Make an exact copy of the lines from the one holding "Juicy, approachable, and" through the end of the entries below, both ends kept, and of nothing else. Exclude pictures.

[Source data]
┌──

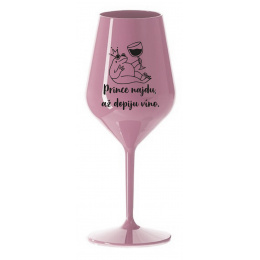 PRINCE NAJDU, AŽ DOPIJU VÍNO. - světle růžová nerozbitná sklenice na víno 470 ml
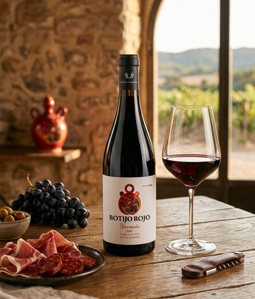 Juicy, approachable, and full of personality, Botijo Rojo is a Garnacha that delivers immediate pleasure. Bursting with ripe red fruit flavors like cherry and raspberry, it is complemented by hints of spice and earthy undertones. Light-bodied with soft tannins and bright acidity, it is incredibly easy to drink while still offering depth and character. Ideal for casual gatherings, it pairs beautifully with charcuterie, pizza, and everyday
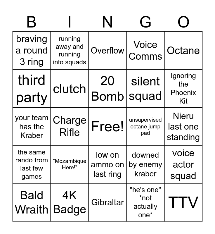 This bingo card has a free space and 24 words: "Mozambique Here!", 4K Badge, 20 Bomb, Bald Wraith, Octane, braving a round 3 ring, third party, running away and running into squads, unsupervised octane jump pad, low on ammo on last ring, silent squad, your team has the Kraber, downed by enemy kraber, voice actor squad, clutch, "he's one" *not actually one*, Nieru last one standing, Overflow, Ignoring the Phoenix Kit, Charge Rifle, TTV, the same rando from last few games, Voice Comms and Gibraltar.
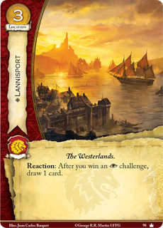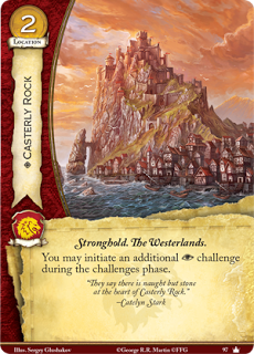 Hablando de combar con ganar retos de intriga… 1 carta por ganar un reto atacando o defendiendo esta muy bien, sobre todo porque el coste no es caro comparado con otras cartas y su condición es fácil de cumplir para robar por lo menos 1 carta por turno, si además ponemos roca Casterly en mesa ya ni hablamos … ahogados en cartas, espero que tengáis las manos grandes.
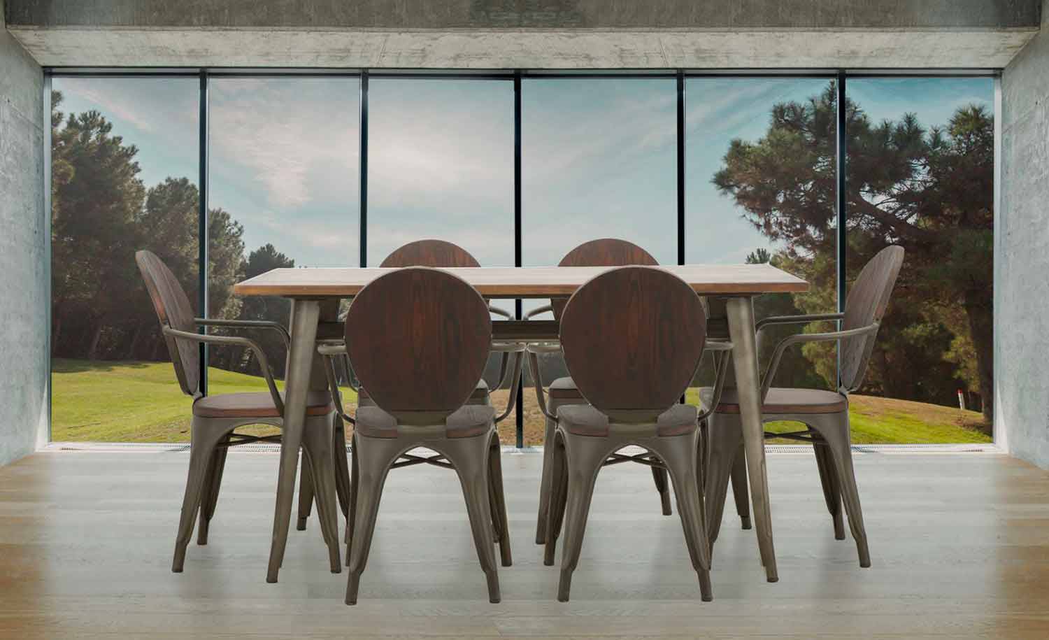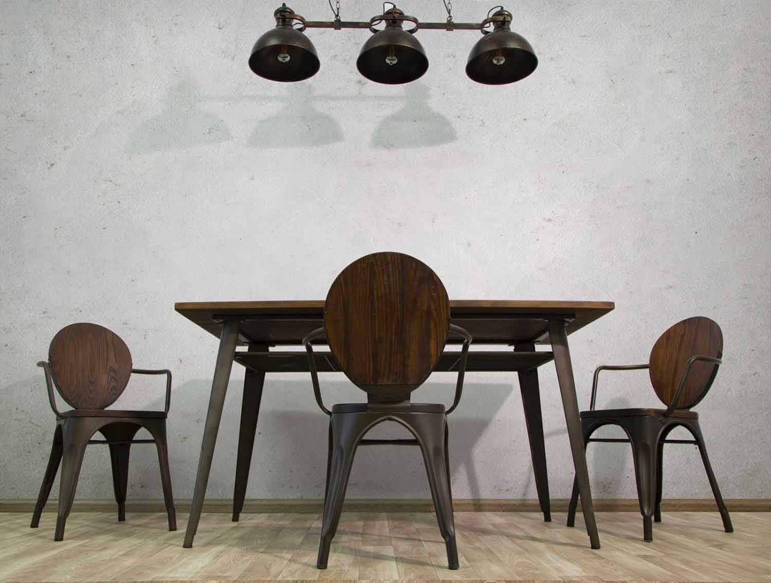 Stuhl im Industriestil mit modernem Design aus Eisen und Holz

└──

Final answer –
 Juicy, approachable, and full of personality, Botijo Rojo is a Garnacha that delivers immediate pleasure. Bursting with ripe red fruit flavors like cherry and raspberry, it is complemented by hints of spice and earthy undertones. Light-bodied with soft tannins and bright acidity, it is incredibly easy to drink while still offering depth and character. Ideal for casual gatherings, it pairs beautifully with charcuterie, pizza, and everyday
 This bingo card has a free space and 24 words: "Mozambique Here!", 4K Badge, 20 Bomb, Bald Wraith, Octane, braving a round 3 ring, third party, running away and running into squads, unsupervised octane jump pad, low on ammo on last ring, silent squad, your team has the Kraber, downed by enemy kraber, voice actor squad, clutch, "he's one" *not actually one*, Nieru last one standing, Overflow, Ignoring the Phoenix Kit, Charge Rifle, TTV, the same rando from last few games, Voice Comms and Gibraltar.
 Hablando de combar con ganar retos de intriga… 1 carta por ganar un reto atacando o defendiendo esta muy bien, sobre todo porque el coste no es caro comparado con otras cartas y su condición es fácil de cumplir para robar por lo menos 1 carta por turno, si además ponemos roca Casterly en mesa ya ni hablamos … ahogados en cartas, espero que tengáis las manos grandes.
 Stuhl im Industriestil mit modernem Design aus Eisen und Holz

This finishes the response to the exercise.